Wednesday, October 6, 2010

if i had more time, i'd make this shorter

The FiO conference is less than a month away - time to start thinking about putting a talk together...By some miracle of science, I already have all of the results for the talk I will be giving in Rochester (in contrast to my usual state of staying up all night the week before the conference desperately trying to get good results). So now I can spend my time making the presentation better.

Most researchers would agree that it's harder to squash months of work into 12 min than it is to give an hour-long seminar on the same topic. Thus, preparing a FiO talk is an exercise in data compression - and it is always a lossy compression scheme.

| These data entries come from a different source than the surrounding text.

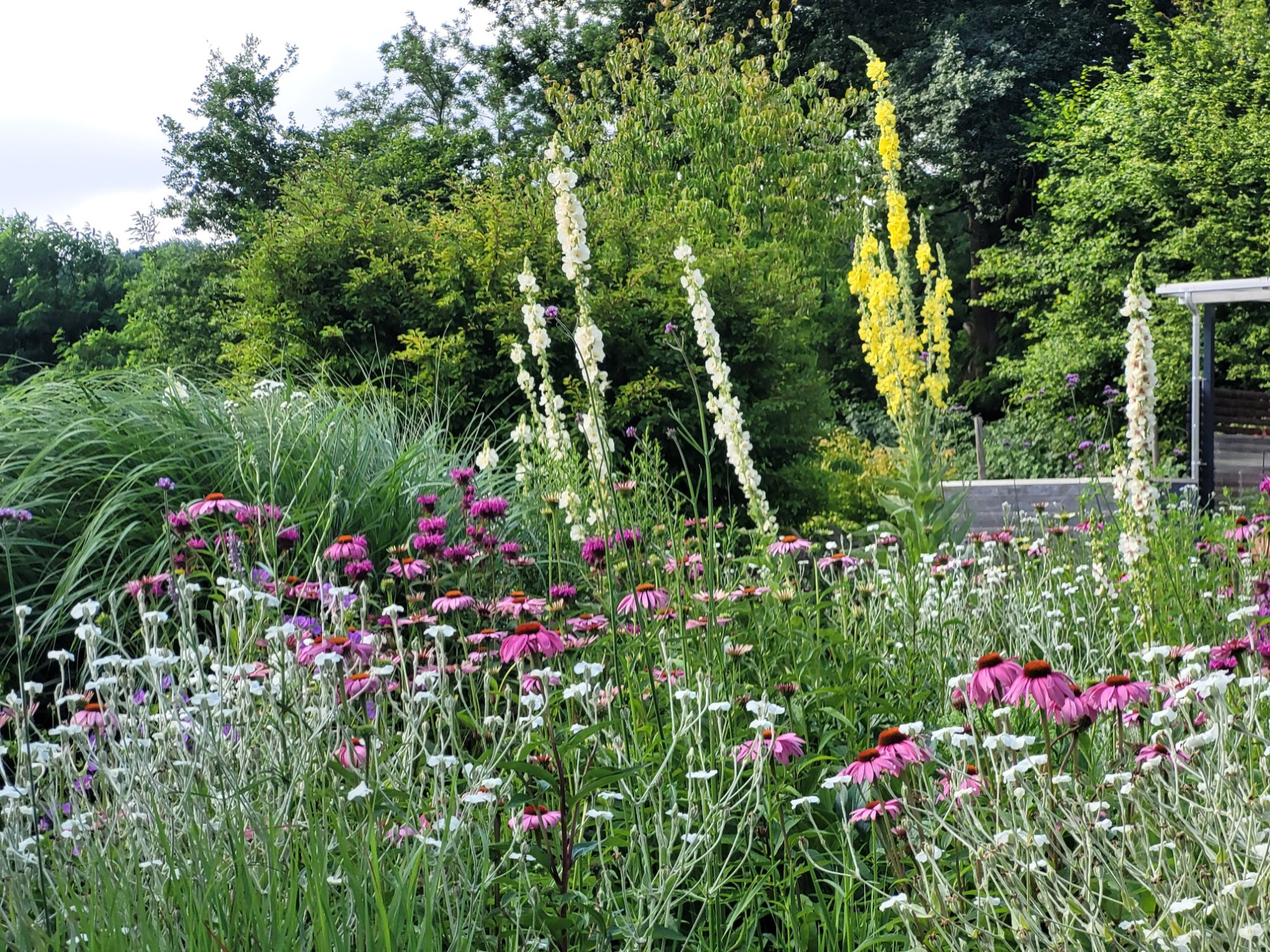 Buddelkönigin, wie heißen denn die weißen Kerzen links von den gelben? Rechts ist Verbascum chaixii 'Wedding Candles' oder Verbascum nigrum 'album', richtig?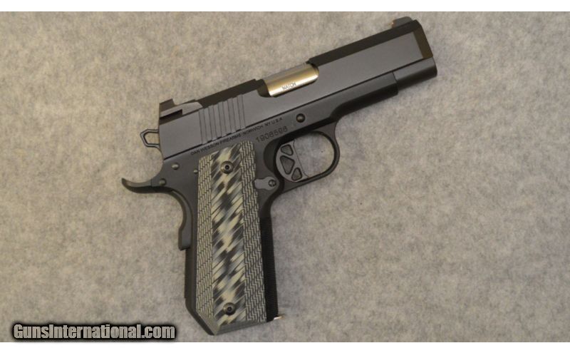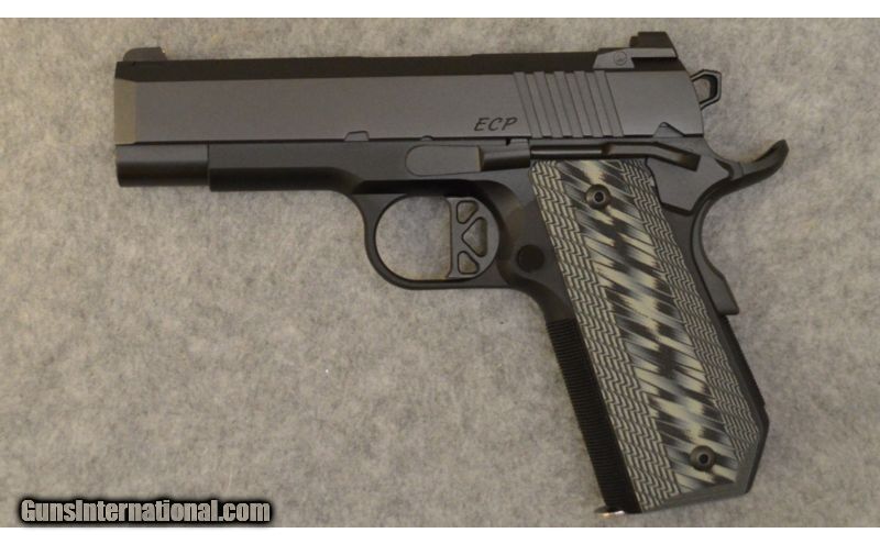 Description: This is a Dan Wesson ECP (Enhanced Commander Pistol), a 1911 style semi-automatic pistol chambered in .45 ACP. This is an excellent choice for a carry gun due to its sleek frame, compact size, and sturdy grip. It's also a great gun to take to the range to have a little fun with target practice. It has a 4" barrel, measuring 7 3/4" overall and weighing right below 2lbs at 29oz. It has a U sight for the rear and a brass bead for the front sight, a skeletonized flat trigger, and gray and black G10 grips. The top rib helps with any glare issues, and has a manual thumb and a grip safety. The slide is stainless steel sitting on an aluminum frame. Overall this pistol is in excellent condition with no visible wear. This was a pistol sent from the manufacturer for a "factory blemish." It comes with the factory case and two magazines. SOLD Manufacturer: 2019 (Serial 1906XXX) Caliber Info: .45 ACP. Chambers: Semi-automatic. Metal Condition: Excellent. Wood Condition: Excellent. Bore Condition: Excellent. Barrels: 4" barrel, 7 3/4" overall length. Triggers: Single skeletonized flat trigger. Stock: G10 gray and black grips. Weight: 29oz. Sights: U notch rear sight and brass bead for the front sight. Extras: Comes with the factory case and magazines. Item Location: Huntsville, AL |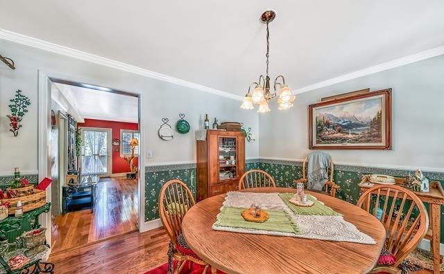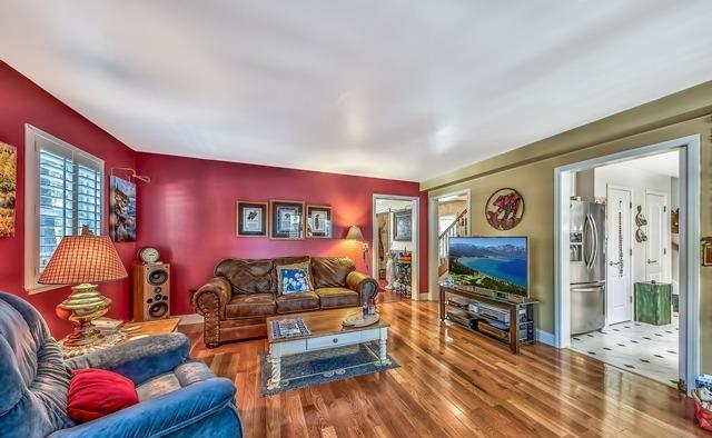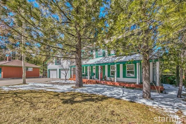 Tahoe style Colonial home sits on an angle on this beautifully and landscaped third acre lot with a great wrap around deck. A large 2 car detached garage attaches to the home with a covered breezeway. Enjoy your easy commute to your home office by going through the breezeway and up the stairs to the huge bonus room over the garage. You can now Zoom call quietly for your work appointments from this private space. Gorgeous wood floors enrich the feel of the living, dining and family room. The cozy family room features a cute red wood stove and plantation shutters. There are separate dining room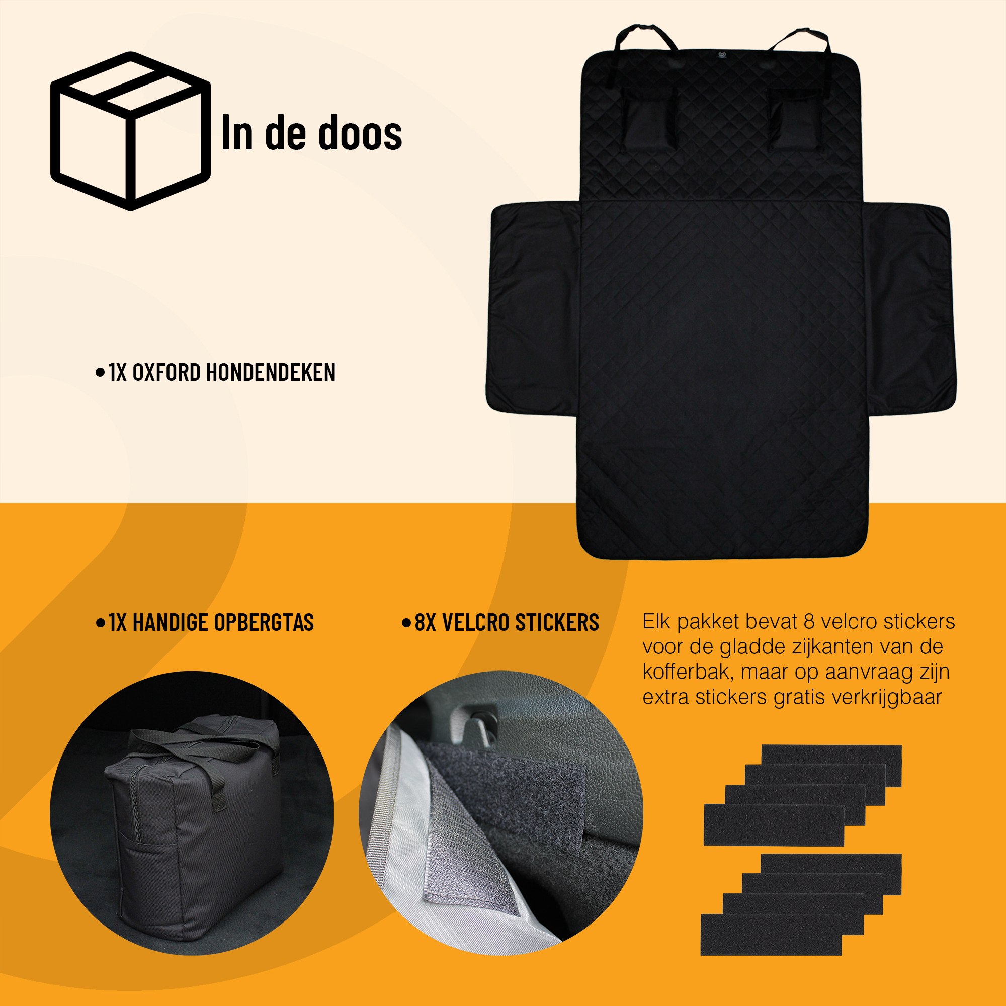 Op zoek naar een premium hondendeken voor de kofferbak van je auto? De Oxford hondendeken biedt bescherming voor je huisdier en je auto. Waterdicht, antislip en comfortabel, deze deken beschermt je kofferbak tegen vuil, haren en vocht na een heerlijke wandeling met je trouwe viervoeter. Universeel ontwerp, eenvoudig te bevestigen en handige opbergvakken maken dit de perfecte keuze voor alle hondenliefhebbers. Ons hondendeken is de perfecte manier om je bagageruimte te beschermen tegen modderpoten, haren en vocht, terwijl jij en je trouwe viervoeter genieten van een comfortabele en veilige rit. Dankzij 2 gespen met kliksysteem bevestig je het deken eenvoudig aan de hoofdsteunen van de achterbak, en haal je het er net zo snel weer af wanneer je de kofferbak anders wilt gebruiken. Schoonmaken is bovendien een fluitje van een cent: je kunt het deken afnemen met een natte doek of spons, afspuiten met een tuinslang, of – voor extra gemak – gewoon in de wasmachine wassen. Zo blijft je auto netjes en fris, zelfs na de meest avontuurlijke wandelingen.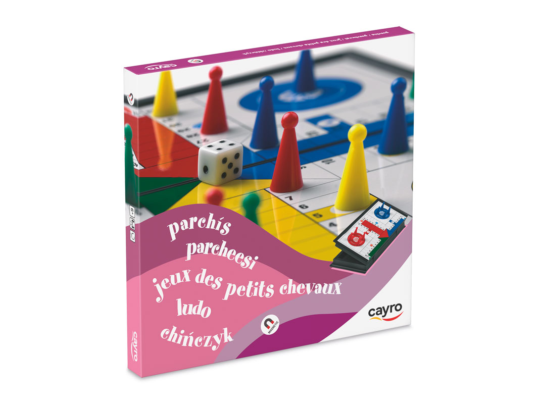 Es un tablero de parchís que se dobla por la mitad para convertirse en un estuche y así que se puedan guardar las fichas. La superficie es metálica y las fichas magnéticas, así que junto a su reducido tamaño lo hacen ideal para viajes. Podrás jugar en movimiento y no se te caerá ninguna ficha.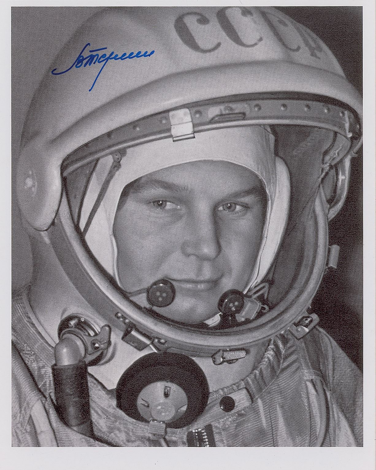 Satin-finish 8 x 10 photo of Valentina Tereshkova smiling in her cosmonaut space suit, signed in Cyrillic in blue felt tip. In very fine condition.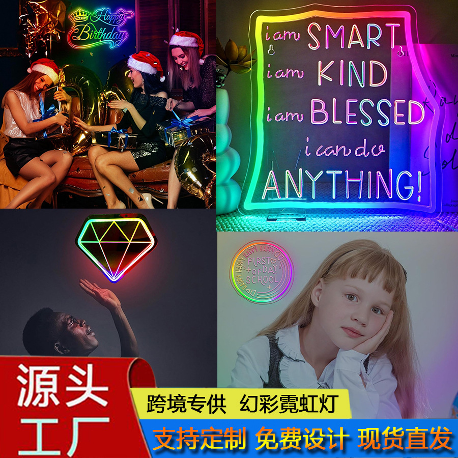 Kustomisasi pola huruf bahasa Inggris dekorasi suasana proposal karakter bercahaya artistik kustomisasi pemodelan tema pesta neon

Some strategies I've seen implemented are:

1) downsampling - simply skipping most of the details and giving only a broad overview of the work, but sometimes key pieces end up missing.
2) no compression - 10 point font and 30 equations per slide, such that it would take hours to get through, but the speaker skips over most of it so quickly that no one is able to follow and they run out of time halfway through.
3) no compression - 10 point font and 30 equations per slide, such that it would take hours to get through, but the speaker is famous and no wants to tell them to stop talking. Perhaps the OSA should consider trying the solution developed by the Ig Nobel awards for keeping the conference running on time...

The trick is to find the right basis set of information that can convey the overall picture, without glossing over important details, restating ideas or being redundant redundant. Unfortunately, the optimal transmission of research to the receiver (audience) is both content-dependent and audience-dependent, and optimality criteria are often heuristic. Just looking at the overview of topics at FiO, one can assume the audience will be quite broad, so speakers, please keep it simple so that I can follow!